How should the average parent counter the influence of this small, furry, chocoholic mammal on susceptible children? Ensure that his basket has more nourishing treats than confectionery, the academics recommended. Hand-painted hard-boiled eggs for instance. Or you could liven up the egg hunt.

“Design a special course with obstacles, sign posts, hints or even GPS mapping.”

The anti-sugar movement has all the characteristics of a temperance crusade. For the prohibitionists the source of all evil was the saloon bar; for the sugar prohibitionists it is the supermarket aisles and vending machines supplying syrupy substances to the bloated masses. Advertising must be banned, sales restricted and taxes imposed to enforce better habits.

The justification of such coercive measures is built on the assumption that consumers are too dumb to know what is good for them. The evidence, however, suggests the opposite.

Sugar consumption per capita has fallen steadily in recent decades, particularly among children, according to the authors of a new report. The reported intake of added sugars (grams per day) in national dietary surveys declined between 26 per cent and 34 per cent for children aged between two and 18 years.

The proportion of energy consumed in sugar-sweetened bever­ages including juice declined 15 per cent in adults and 40 per cent in children and youths. Industry data also shows that consumption declined over the same timeframe based on sales and sugar concentrations of soft drink variants.

The assumed causal link turns out to be a myth; the population has become more obese even as sugar consumption has declined.

Empirical evidence, however, is seldom enough to destroy the articles of faith that inspire wowsers on their symbolic crusades. Their minds are fixed and they are deeply uncomfortable with any challenge to their imagined expertise. Mundane aspects of everyday life, like the wording of newspaper headlines or the food packed in children’s lunch boxes, become matters of great significance in the battle for moral authority. 

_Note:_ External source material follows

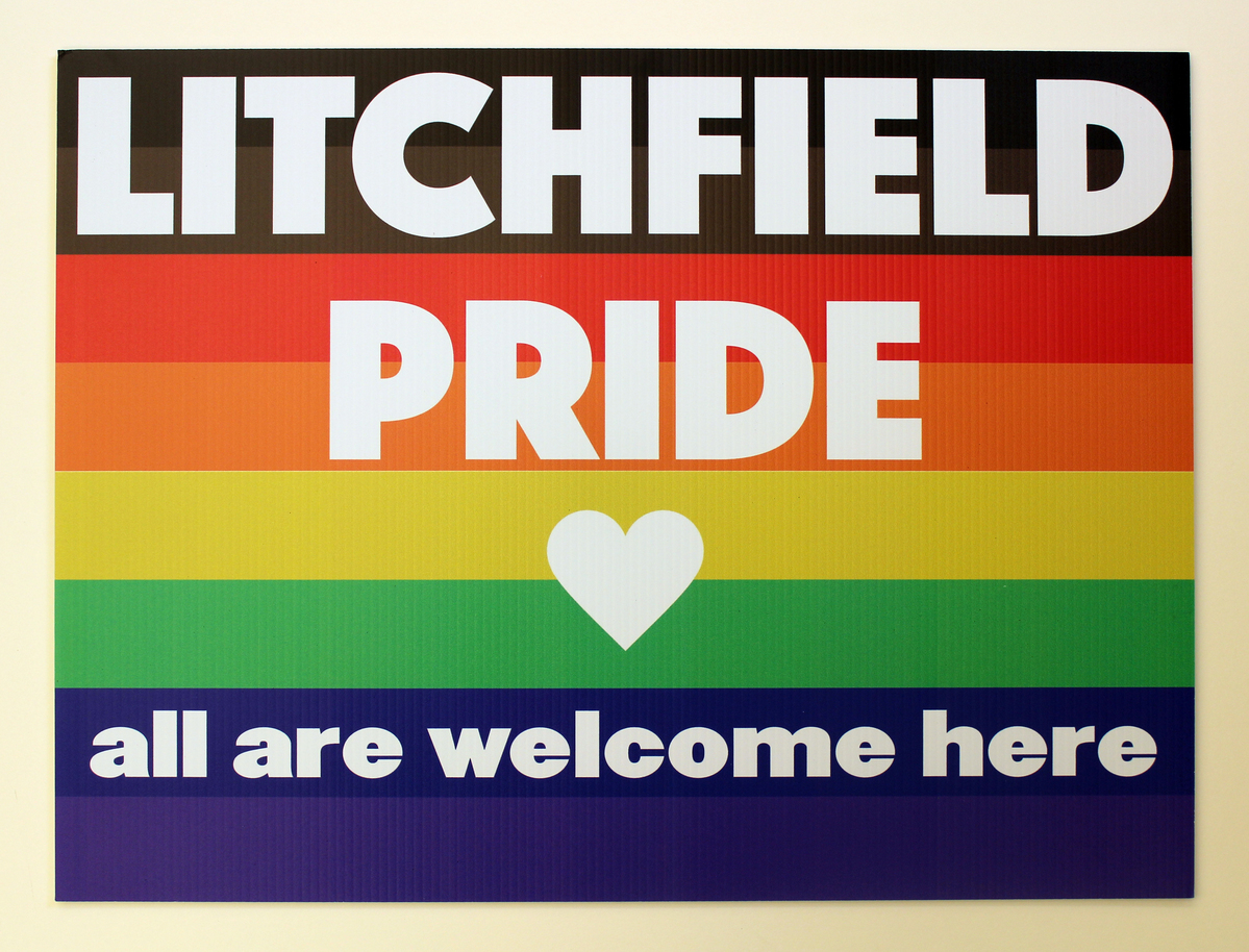 Printed lawn sign on corrugated plastic. Two-sided graphic with background of black, brown, red, orange, yellow, green, blue, and purple horizontal stripes. White text overlapping background, "LITCHFIELD/PRIDE/all are welcome here" separated by a white heart.

The exaggerated forms of etiquette adopted by today’s elites vary only in degree from the enforced social manners of the 18th-century European regal courts to which Voltaire took such strong objection.

The strictures against causing public offence prosecuted by bodies such as the Press Council and the Australian Human Rights Commission may seem ludicrous, even comical, to those on the ­outside.

But the force with which they are policed suggests they are much more than that.

Enforcing the rules around language — political correctness as it has become known — is an undefinable restriction on free speech.

Seldom have so few been willing to speak up on the vital moral questions of the day, held in check by the sanctions imposed on those who presume to challenge conventional wisdom.

For a moment the presentation of a free speech award to Human Rights Commissioner Gillian Triggs last week seemed a joke, but one look into the eyes of those who awarded it suggested they were completely serious.

In the topsy-turvy world of elite logic, the woman who tried to silence a newspaper cartoonist is being honoured for “her fearless work in pursuit of people’s rights”. The sponsors call themselves Liberty Victoria, and the prize will be presented at the Voltaire Award Dinner.

“A civilisation unable to differentiate between illusion and reality is usually believed to be at the tail end of its existence,” John Ralston Saul wrote in a book aptly named Voltaire’s Bastards. 

Were Voltaire to reappear today, he would be outraged by the edifices the establishment has built to guard its moral authority. “He would deny all legal responsibility and set about fighting them, as he once fought the courtiers and priests of eighteenth-century Europe,” wrote Saul. If only Bill Leak were here to draw the cartoon. 

Nick Cater is executive director of the Menzies Research Centre.